Activation Function
A mathematical function applied to the output of each neuron in a neural network that introduces non-linearity. Without activation functions, a neural network would just be a series of linear transformations.
Why It Matters
Activation functions determine how neurons fire and enable neural networks to learn complex, non-linear patterns that exist in real-world data.
Example
ReLU (Rectified Linear Unit) outputs the input if positive and zero otherwise — simple but highly effective for training deep networks.
Think of it like...
Like a light dimmer switch that decides how much signal to pass through — it controls whether and how strongly a neuron activates.
Related Terms
ReLU
Rectified Linear Unit — the most commonly used activation function in deep learning.
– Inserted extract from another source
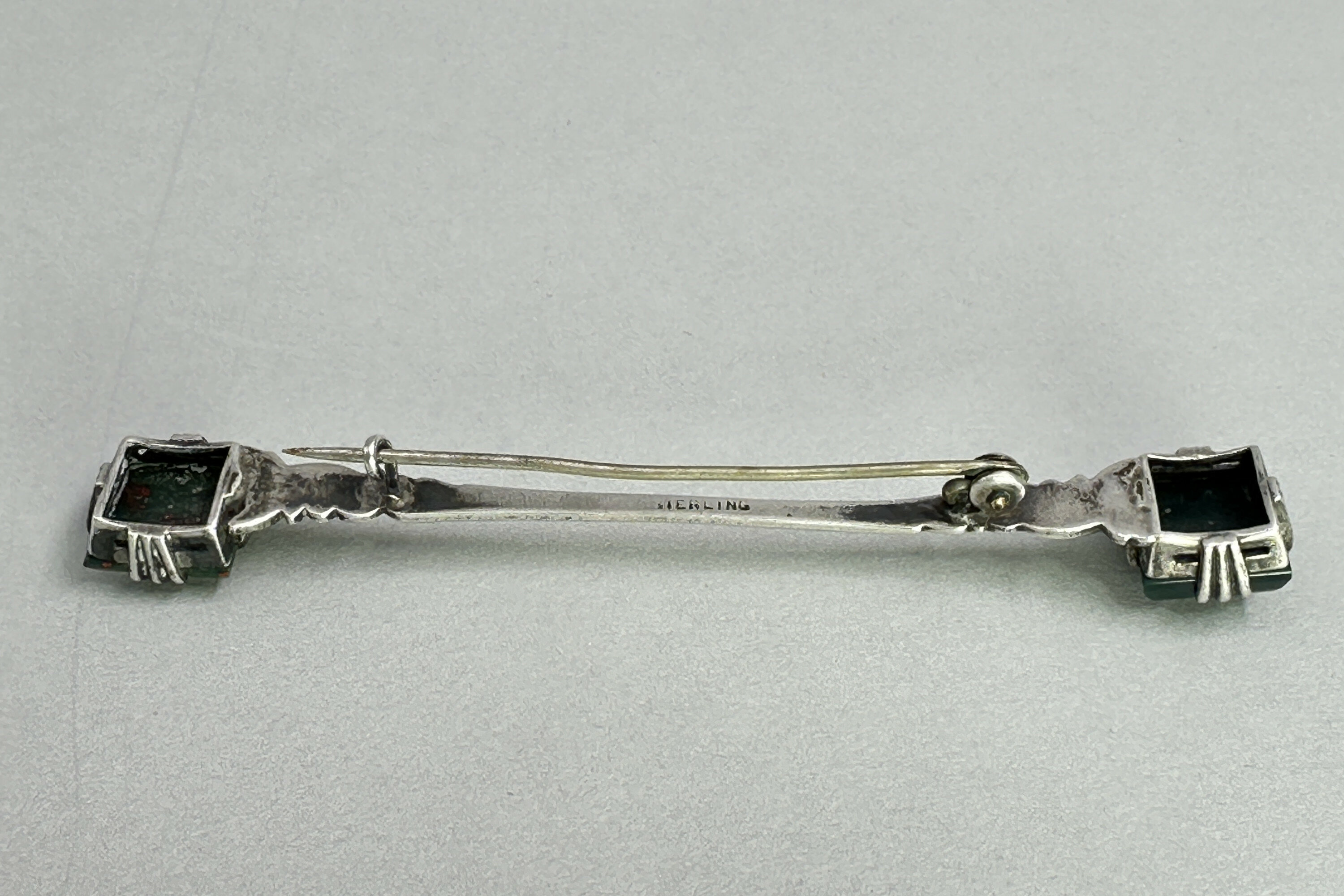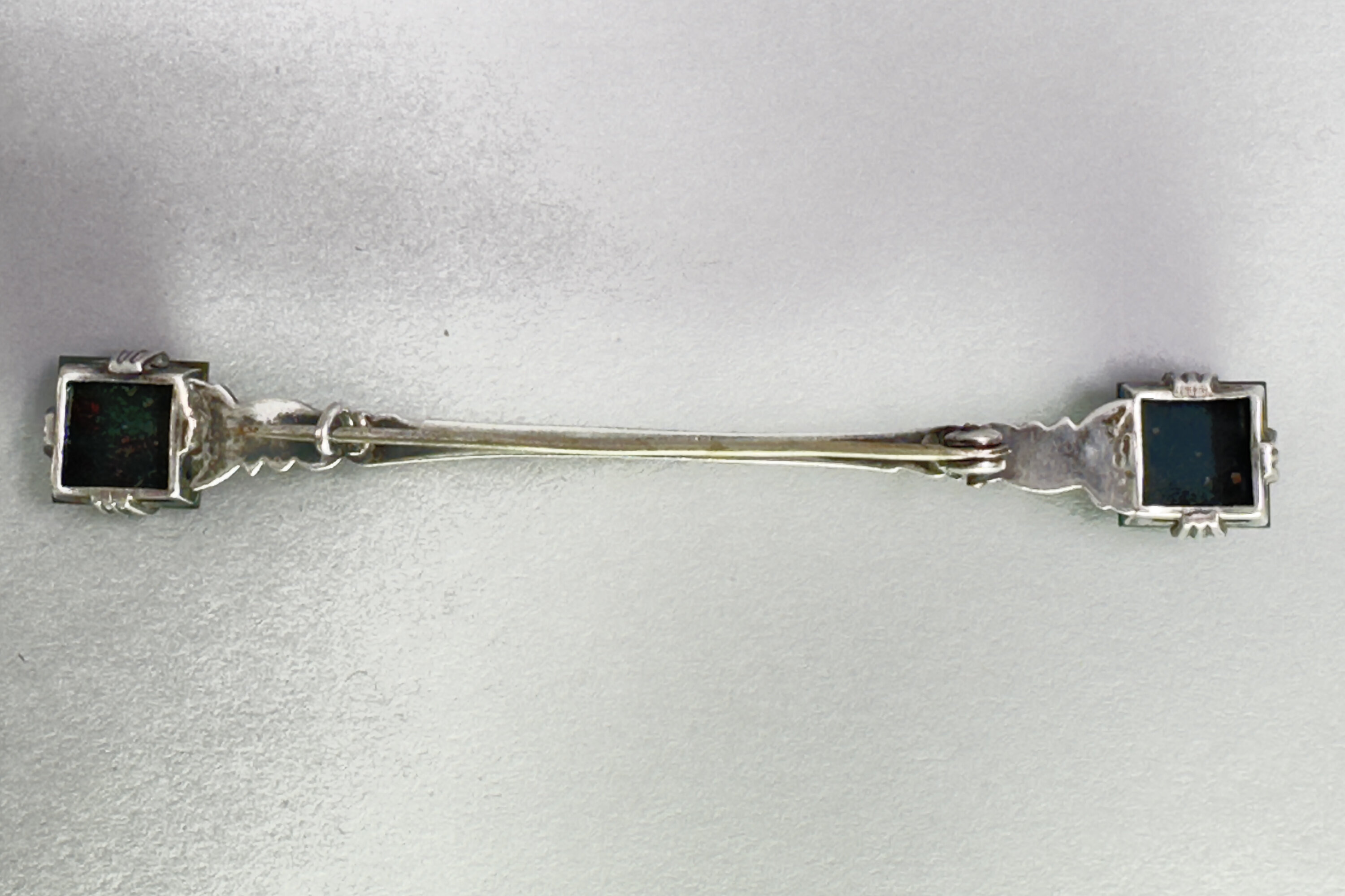 This is a very striking brooch that comprises a silver bar with two square domed Scottish bloodstone. This would have been used as part of a Scottish woman's traditional clothing to hold their cloak in place. Still lovely today! Marked Sterling.| Size: | 8.3 x 1.1 cm |

It outputs the input directly if positive, and zero otherwise: f(x) = max(0, x).
Sigmoid
An activation function that squashes input values into a range between 0 and 1, creating an S-shaped curve. It is commonly used for binary classification outputs and in certain neural network architectures.
Softmax
A function that converts a vector of numbers into a probability distribution, where each value is between 0 and 1 and all values sum to 1. It is typically used as the final layer in classification models.
Neural Network
A computing system inspired by the biological neural networks in the human brain. It consists of interconnected nodes (neurons) organized in layers that process information and learn to recognize patterns.
Vanishing Gradient Problem
A training difficulty in deep networks where gradients become exponentially smaller as they are propagated back through many layers, making it nearly impossible for early layers to learn.